Sunday, April 12, 2020

Happy Easter 2020


Tons of Nuns

Santiago de Compostela is the capital of northwest Spain's Galicia region. The cathedral in the main square centers the town and is the ultimate destination for those completing the popular route of the Camino de Santiago from France to Spain. A grueling journey, pilgrims have been determined to conquer the winding route for centuries. The walk takes about a month, if you walk endlessly every day. I arrived in Vigo, Spain, by cruise ship, because walking endlessly on any day disrupts my preassigned pampering schedule, prearranged by an onboard concierge. Cruise ships are more comfortable than gravel roads through tiny towns.

A fancy air-conditioned limo bus whisked me from the ship to the church. The countryside of Spain, mesmerizing enough, is nothing compared to the first glimpse of the Cathedral de Santiago. I wasn't prepared for the magnificence.

I'd been given instructions. I'd been told by the ship's crew who knew: what to wear, how to behave, even who to light a candle for and what to pray. But the splendor of this church, the size and significance it carries within the Catholic religion, the crowds gathered ... something about the atmosphere signaled that this church might be the Mother Church. It is knock-you-over stunning at first sight, and though I'd seen pictures and been coached about everything (because I was leading a passenger group tour), the initial entrance into the square and the first glimpse of the enormous church caught me more than off guard.

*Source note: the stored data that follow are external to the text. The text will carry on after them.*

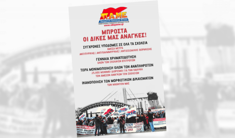 Την ίδια ώρα, η κυβέρνηση κλείνει τη συμφωνία με τα Σκόπια για να ενισχύσει τη δολοφονική μηχανή του ΝΑΤΟ. Υλοποιεί καθημερινά τους επικίνδυνους ιμπεριαλιστικούς σχεδιασμούς στα Βαλκάνια, που γεννούν πολέμους και προσφυγιά, μετατρέπει τη χώρα μας σε μια απέραντη Νατοϊκή βάση. Εισπράττει για τα παραπάνω τα συγχαρητήρια από τους εταίρους της, τους αξιωματούχους της Ε.Ε. και του ΔΝΤ, τους δολοφόνους του ΝΑΤΟ. Έχουμε χρέος, όχι μόνο ως παιδαγωγοί, να υποδεχθούμε τα χιλιάδες προσφυγόπουλα, που θα έρθουν και φέτος στα σχολεία μας. Δίνουμε τη μάχη ενάντια στις αιτίες που γεννούν τον ιμπεριαλιστικό πόλεμο και την προσφυγιά.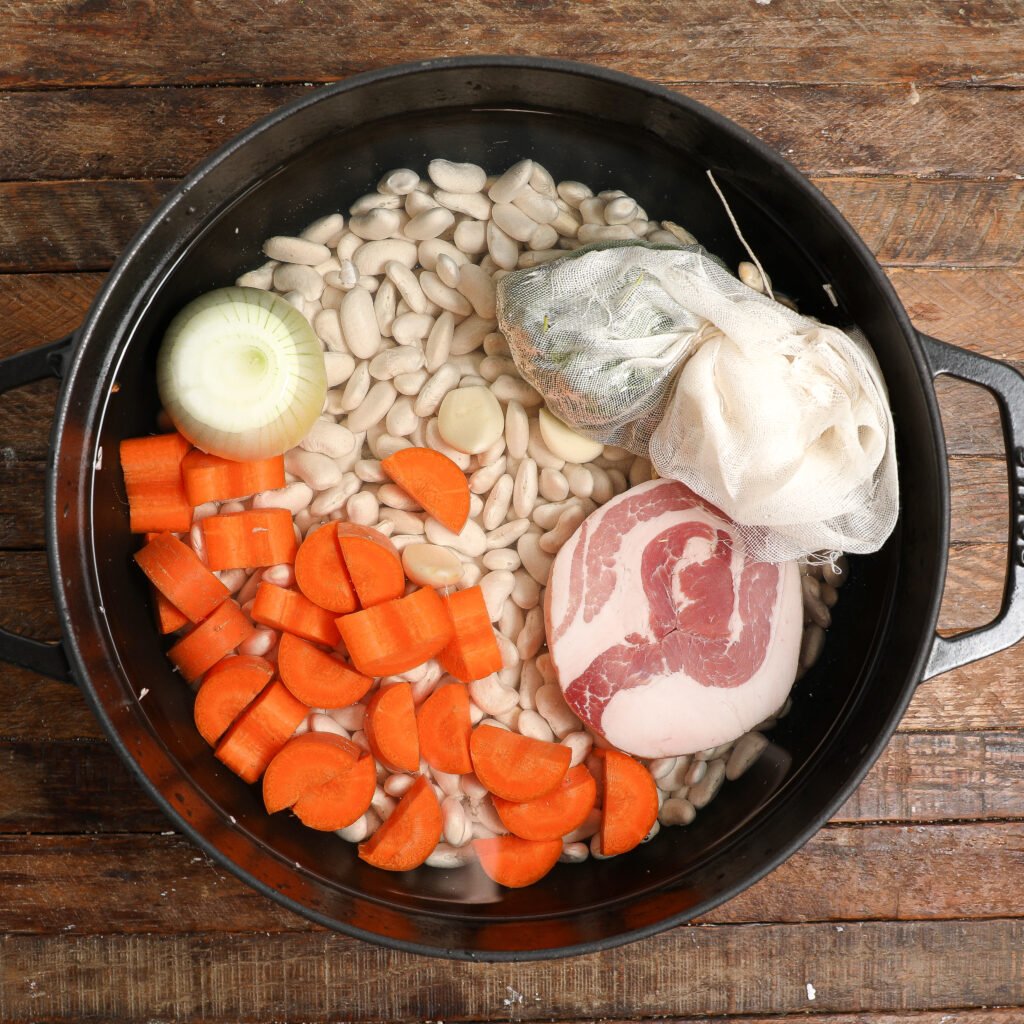 - Drain the beans and transfer them to a large, heavy pot. Remove the plastic sleeve from the ventrèche, slice it in half (reserving the second half), and place one half on top of the beans. Add garlic, carrot, and bouquet garni. Add the smashed garlic and cut onion to the pot. Pour enough cool water to cover the mixture by at least 3 inches. Bring to a boil, then reduce heat to low and simmer uncovered until the beans are barely tender, about 1 hour.
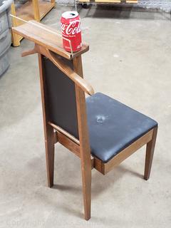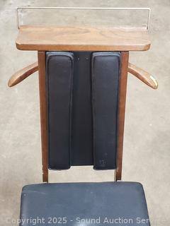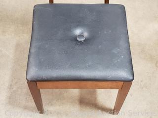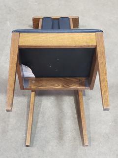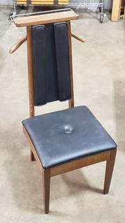 Vinyl lift top seat. Some wear to finish. A bit wobbly. 38.75" H x 17.25" W 16.5" to seat.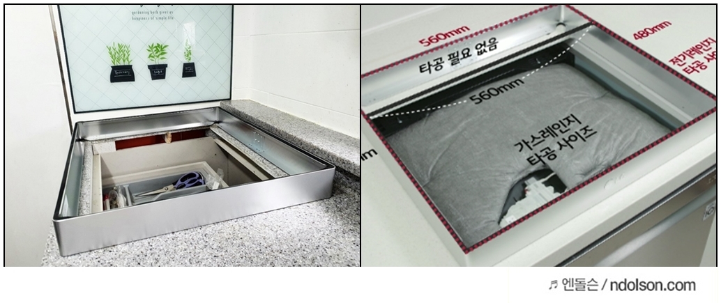 빌트인 가스레인지는 대부분 타공 사이즈가 560*430 이고, LG 전기레인지 빌트인으로 설치하려면 560*480가 필요해서 5cm 타공을 해야 하다는 것입니다. 하지만 6.5cm 빌트인 케이스를 쓰면 타공 없이 설치가 가능합니다.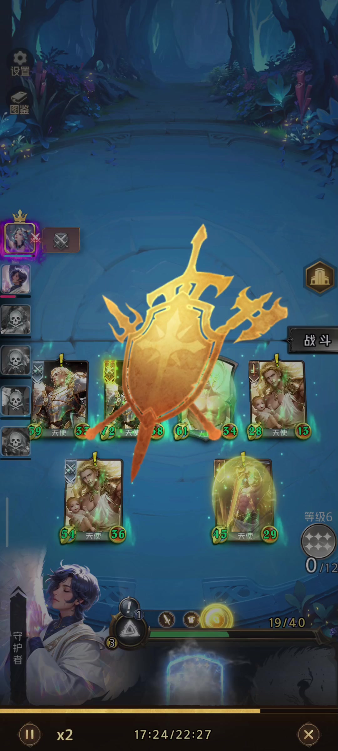 守护者是最容易玩力天使无限盾的英雄。成型有三种情况:一,防具拿院长法袍,每回合稳定复制影分身给嘲讽绿盾力天使(成型难度最低);二,嘲讽绿盾力天使加双炽天使(如视频的展示);三,双嘲讽力天使,其中一个给绿盾。双盾法术可以极大提升阵容的下限,容错会增加很多,优先给力天使(力天使被复活后双盾法术一样会生效),遗言毒法术可以极大提升阵容的上限,运气好一个毒可以换两三个敌人。怕亡灵,恶魔的寡妇,闪避特效。这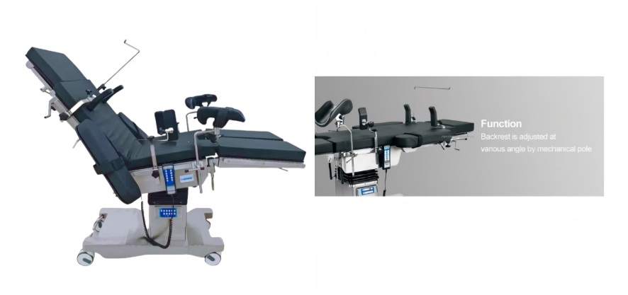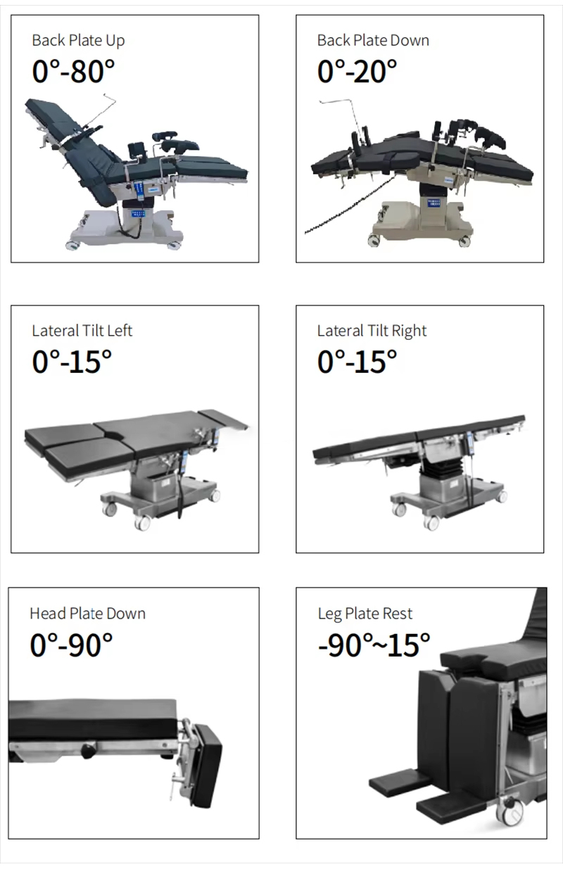 Stůl je rozdělen do čtyř částí: hlava, záda (včetně pasu), boky a nohy. Deska stolu je vyrobena z vysoce pevného kompozitního materiálu s rentgenovým přenosem; Při fotografování lze spolupracovat s C-ramenem.

The traditional first thing one does is stretch out flat on the several thousand year old pavement stones in front of the church and look backwards up and over your head. Literally, lie down on the dirty pavement and look upside down at the church. Not keen to do this, nor did I believe most people would do it (except lemmings, of course), or that there was anything to see. But there they were. Throngs of people, every shape and age and size, rows of them. Lying on the ground in every manner of clothing, flexing in all kinds of contorted positions to stare up, over and backwards at the church. They looked locked on something.

OK, I thought. I can do that too. Then I did. It made me giggle. There is something to see. But I won't spoil it for you and tell you what, because like me, you'll want to experience that moment for yourself if you ever get to Santiago.

Time to go inside. As ours was a prearranged tour, we had access to a special side door, and I'd been instructed to enter through that different door to check in. The front door to the church had lines that stretched for blocks around the town square. It moved slowly. Worshippers threaded in through the huge, oddly slender front doors, and walked the length of the long church, with their mouths held agape at the majesty and sheer expansiveness inside the towered church, which is filled with relics and color and smells and older set back sections, unseen splendors everywhere an eye lands, even above. Especially above.

I went to the side entrance exclusively used for VIP visitors or clergy of the church. This early afternoon, clergy clogged that side door portal into Santiago. There were tons of nuns. I never saw so many nuns at one time, indistinguishable from one another, except for the different color wimples worn on their heads.

I looked out of place. Gathering my headscarf tight, covering every hair on my head, I tied it up as Marcus had instructed. He said I had to be covered up completely to go in with the nuns.

As if I were going to innocently blend in with tons of nuns. My sins smelled. I felt so out of place. But I stood there, all swaddled in my secret sanctity.

Meanwhile, it was warm. Getting hotter by the minute, as I stood solemnly, waddling side-by-side along with the line, perspiring nervously, moving inch by inch, quietly ahead, all wrapped up like the only person who didn't belong in the nun line.

As we approached the arched entrance, I saw each group of nuns enter and then go off into their own groups or disappear deep into the church to pray. Looking around, the red glass of the hundreds of lit candles cast an eerie glow over the entire church. A smell of old and holy mixed with man-made fabrics and tourists from everywhere and new candles being lit flooded my nose, right before I saw two priests swing the largest incense burner I've ever seen, filled with fiery incense, across the entire length of the church. Intense! Both the incense and the scented assault, not necessarily unpleasant, just too much at once on my various senses. There were many sights and sounds and smells all at once. My covered head needed to burst forth and experience all these surreal scenes. Icons and saints and windows and throngs of people and tons of nuns. Nuns were everywhere. Praying filled the sanctuary with a buzz, words in every tongue imaginable.

But only one tourist was covered up like a nun. Only one looked completely out of place in Santiago de Compostela that sunny Monday afternoon.

Me.

It was a joke. Marcus and the others had set me up to look like a religious zealot, but there are no official dress codes to come into Santiago de Compostela. I took off the scarf that covered my malleable brain.

My group laughed. Strangers laughed. I freed my hair and my soul at the same time. With a laugh, of course.
And among those tons of smiling nuns, I hope at least one of them offered up a prayer for hapless me.

We are all just struggling to make it. To do the best that we can. It's good to have fun. I know. Because I asked a nun.